Rush Lamp Stamp Issued
On July 2, 1979, the USPS issued the $1 Rush stamp, which would lead to one of the most fascinating stamp controversies of the late 20th century.
The USPS issued U.S. #1610, the $1 Rush Lamp stamp on July 2, 1979, as part of the Americana series. It was one of four stamps in the set depicting light sources from throughout our country’s history. During the 18th century the rush lamp, consisting of a rush dipped once in wax and held by pincers attached to a stand, provided light for the pioneers.
Then, in 1985, the discovery of a new U.S. invert stamp rocked the philatelic world. It was the first major inverted stamp in 66 years, but the details were cloaked in secrecy, hidden in a maze of deception that took two years to unravel.

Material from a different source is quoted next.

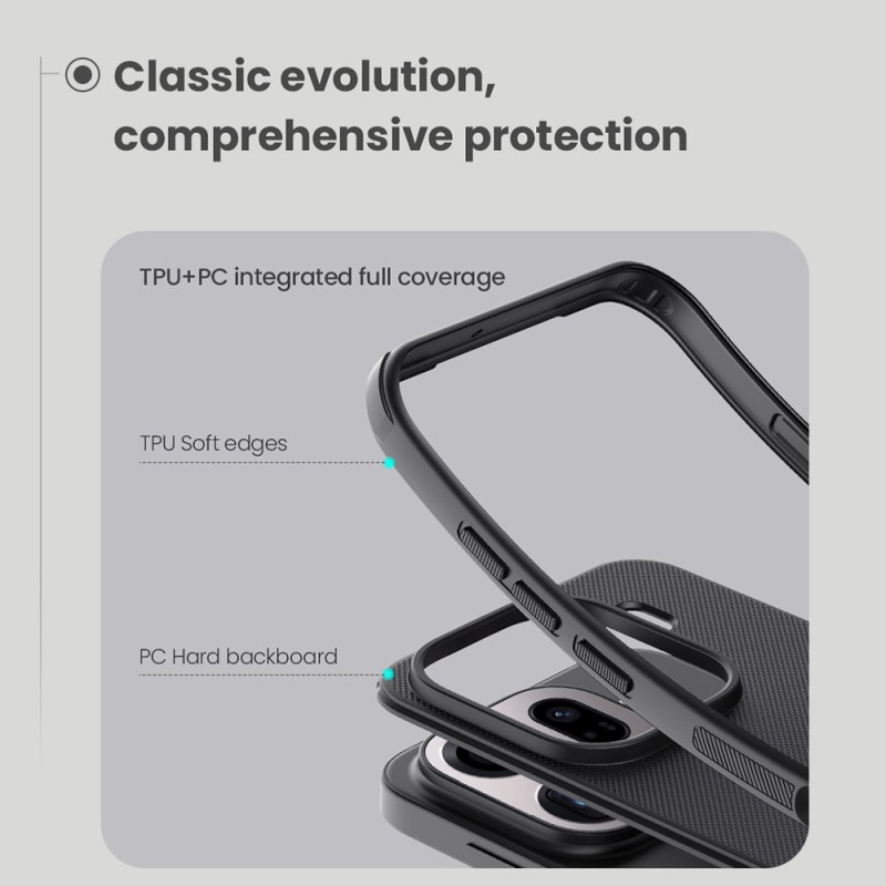 Descubra a capa NILLKIN Frosted Shield Pro, que combina a máxima proteção e elegância. A sua dupla proteção rígida e flexível protege o seu Oppo Find X9 Pro 5G dos choques do dia a dia. Superfície mate anti-riscos para um aspeto impecável.

The story began when an auctioneer specializing in U.S. error stamps announced the discovery of 85 inverted 1979 $1 Rush Lamp stamps. The stamps had been discovered by a “business in northern Virginia” and the finder wished to remain anonymous. The Bureau of Engraving and Printing launched an internal investigation and found that there were no indications of impropriety by its employees.
A few months later, Mystic Stamp Company joined with two partners and purchased 50 of the inverts. Curious about their origin, Mystic President Don Sundman filed a Freedom of Information Act request with the Bureau of Engraving and Printing. Months passed. When the report finally arrived, it was accompanied by a cover letter – from the Central Intelligence Agency! Names were blocked out in the 35-page report, but Mr. Sundman was able gather enough information to trace the stamps back to the CIA.
Mr. Sundman discovered that an on-duty CIA employee had purchased the partial sheet of 95 inverted stamps at a small post office near McLean, Virginia. When the office workers realized what they had, they pooled their money and substituted non-error $1 Rush Lamp stamps for the inverts. Each of the nine co-workers kept a stamp. The remaining 86 stamps, including one that was damaged, were quietly sold to the auctioneer.
The story made headlines across the nation and was featured on every major television network. The CIA launched an ethics investigation and demanded that the co-workers surrender their inverts or face 10 years in prison and a $10,000 fine for conversion of government property for personal gain. Five employees returned their stamps, one claimed his had been lost, and three people resigned. The CIA donated the recovered inverts to the National Postal Museum, where they joined a copy donated earlier by Mystic.
Investigations conducted by the Bureau of Printing and Engraving and Justice Department cleared the co-workers of any wrongdoing. Twenty years later, the employee who purchased the sheet and later claimed to have lost his copy offered to sell the stamp to Mystic.